Seu diretor de campanha, Nathan Sparling, se apresenta de drag queen regularmente no G-A-Y, um dos mais famosos clubes gays de Londres. Na conferência anual do partido em Glasgow este mês, Sparling foi anfitrião de uma noite de karaokê vestido como seu alter ego, Nancy Clench.

“Tenho muito orgulho de ser o líder da bancada parlamentar mais gay do mundo”, declarou este mês Angus Robertson, o vice-líder (hétero) do Partido Nacional Escocês.

Davidson, dos Conservadores Escoceses, uma presbiteriana frequentadora de igreja que foi treinada para o Exército Reservista Britânico e já chegou a se descrever alegremente como uma “lésbica de cara quadrada e sapatos sem salto”, cortou seu cabelo ainda mais curto do que quando concorreu pela primeira vez. “Eu queria ter certeza de que as pessoas soubessem em quem estavam votando”, ela disse.

Desde então, cinco outros políticos do Partido Conservador Escocês se assumiram, sua companheira apareceu junto com ela em anúncios de campanha, e seu partido ultrapassou o Partido Trabalhista como principal partido de oposição na Escócia pela primeira vez. A igreja que ela frequenta mantém uma bandeira do arco-íris em seu altar.

“Nós avançamos muito em um breve espaço de tempo”, ela disse.

Ainda há mais coisas a serem feitas, diz Davidson e outros. As perseguições nas escolas continuam sendo um problema, especialmente para adolescentes trans. Crimes de ódio contra a comunidade LGBT aumentaram 20% no último ano, de acordo com a Stonewall Scotland, um grupo de ativismo LGBT, embora isso também reflita o fato de que as pessoas passaram a denunciar mais.

Mas as mudanças na política, nas políticas e na cultura foram impressionantes.

Uma das primeiras coisas que os legisladores fizeram após a criação do Parlamento Escocês em 1999 foi revogar a legislação que impedia as escolas de “promover a homossexualidade”, uma lei que havia de fato abafado qualquer discussão sobre questões LGBT nas escolas. Foi uma briga feia, com frases homofóbicas nas capas de jornais e outdoors com parte da imprensa alinhada à Igreja Católica Romana e Brian Souter, um rico empresário escocês, para resistir à revogação. Mas no final, eles perderam.

“Foi o último suspiro da Escócia conservadora”, disse David Torrance, um escritor e jornalista que também é um respeitado comentarista político, também gay.

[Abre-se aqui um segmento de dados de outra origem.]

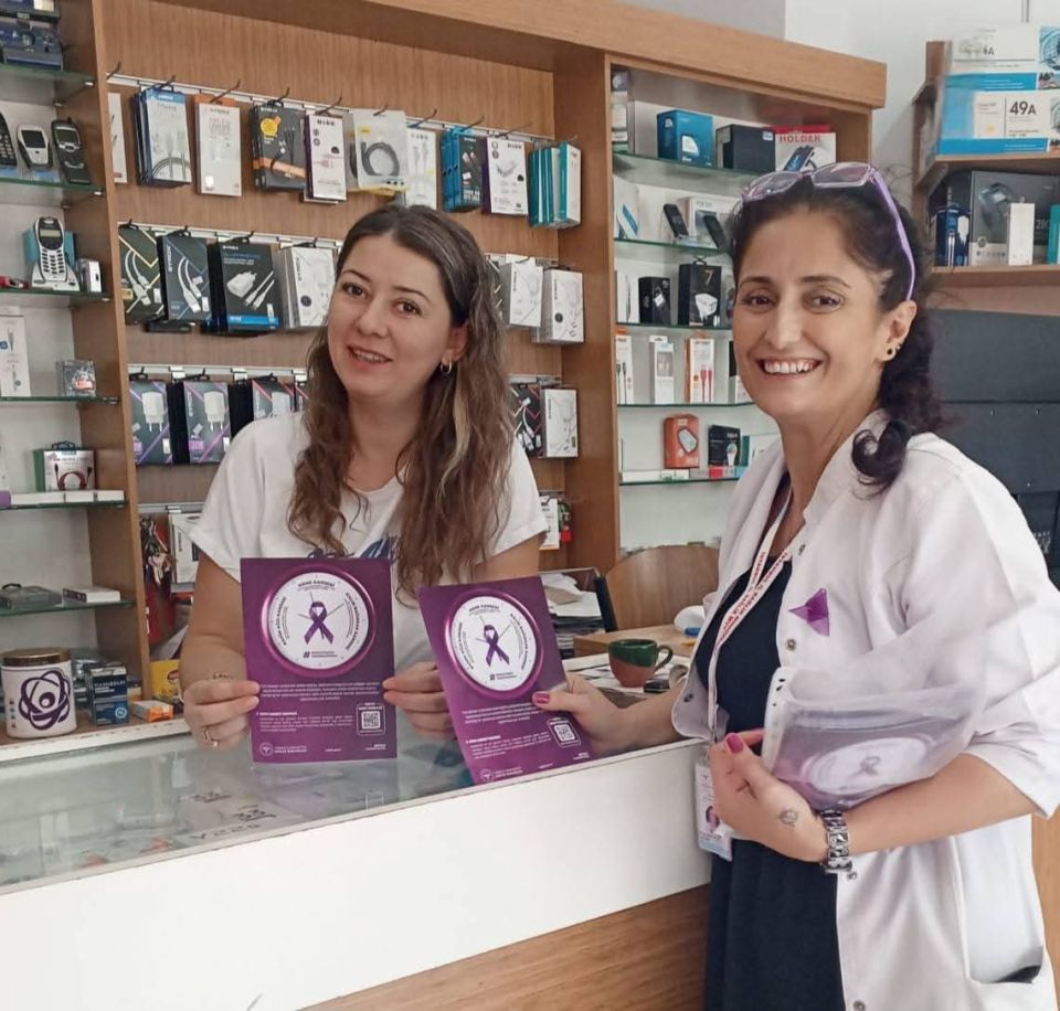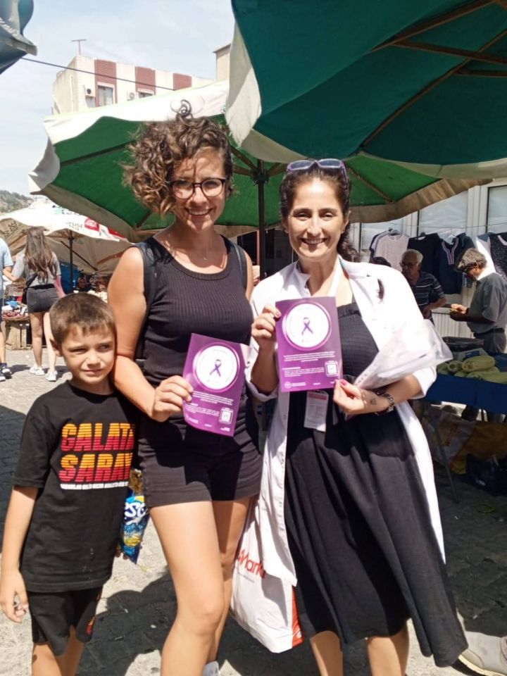 Etkinlik kapsamında, merkezin başkanı Uzm. Dr. Müge Meriç liderliğindeki ekip, mor kurdeleler takarak ilçe sakinlerine ulaşarak ücretsiz kanser taramaları hakkında bilgi verdi.

Desde então, a Escócia legalizou uniões civis, adoção por pessoas LGBT e, em 2014, casamentos de mesmo sexo (conhecido na Escócia como “casamento igualitário” porque ele permite cerimônias totalmente neutras em termos de gênero). A lei escocesa para crimes de ódio, que inclui explicitamente o preconceito contra pessoas transexuais e intersexuais, é considerada uma das mais robustas do mundo. E agora o governo está considerando mudar sua lei de reconhecimento de gênero para incluir aqueles com uma identidade “não-binária”, que não seja nem masculina, nem feminina.

“É incrível: começamos uma conversa sobre uma sociedade sem gêneros”, disse Bob Orr, 66, que em 1982 abriu a primeira livraria LGBT de Edimburgo, a Lavander Menace.

Essa livraria fechou anos atrás, assim como vários bares LGBT. As pessoas LGBT estão frequentando cada vez mais lugares convencionais, disse Orr, e vários cantores em seu “coral LGBT” são héteros.

“As fronteiras estão caindo”, ele disse. “E essa sempre foi a intenção, que a sexualidade deixasse de importar.”